Henry King, director of State Fair, and star Will Rogers are
little remembered today, though Rogers was one of the top box-office draws in
the early 30’s (he died in a plane crash in 1935) and King made movies from
1916 to 1962. King’s State Fair was
eclipsed by two musical versions that followed later (1945 and 1962) and even
Rogers’s best films (Steamboat ‘Round the Bend, Judge Priest, Dr. Bull; all
directed by John Ford) are considered marred by the presence of Stepin Fetchit,
whose complex trickster character has only begun to be appreciated by scholars
(the public is far behind).
State Fair is a detailed character study of a farming
family, with its pickles and prize pig, at the state fair, where the older
children find love and lose it and Mom and Dad win blue ribbons.

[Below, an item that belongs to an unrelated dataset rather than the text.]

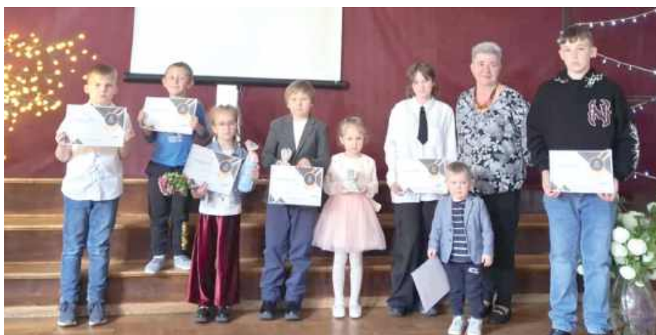
Dzisiejsza biblioteka to nie tylko magazyn dla książek, to jedno z ważniejszych miejsc dla człowieka. Najlepsi czytelnicy w gminie otrzymali pamiątkowe dyplomy

Ale to nie koniec atrakcji jakie zostały przygotowane z okazji Tygodnia Bibliotek. Organizatorzy zaprosili wszystkich mieszkańców na Noc Latających Wierszy. Takiego performansu jeszcze w Milanowie nie było. Wiersze, unoszące się nad głowami, podświetlone migotliwymi diodami-motylami, wprowadzały uczestników w prawdziwe bajkowy nastrój. W centralnym punkcie sali rozbłysło symboliczne, poetyckie drzewo. Poprzedził on rozdanie nagród w konkursie czytelniczym. Przy pomocy światła, dźwięku i poezji udało się przenieść wszystkich uczestników w inny wymiar. W centralnym punkcie sali rozbłysło symboliczne, poetyckie drzewo światła, wokół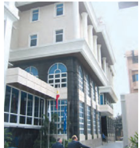
Große Bemannungsagenturen präsentieren sich, wie hier Marlow Navigation.

Im Gegensatz zu diesem „Budenzauber“ sieht die Jobvermittlung bei

Hal Mohr’s cinematography matches studio and
location work quite nicely. The children
(Janet Gaynor and Norman Foster) want to stay loyal to their parents (Will
Rogers and Louise Dresser) and their rural world but also long to leave and
spread their wings with lovers they meet at the fair, the love affairs being
relatively explicit in this era before the production code clamped down on such
details. This was a time when Americans were
leaving farms for jobs in the cities and the kids hear the siren call of the
city while the older generation raises better pigs and improves their recipes
and directors such as King began to move away from such charming and folksy stories
of rural live to costume and period films.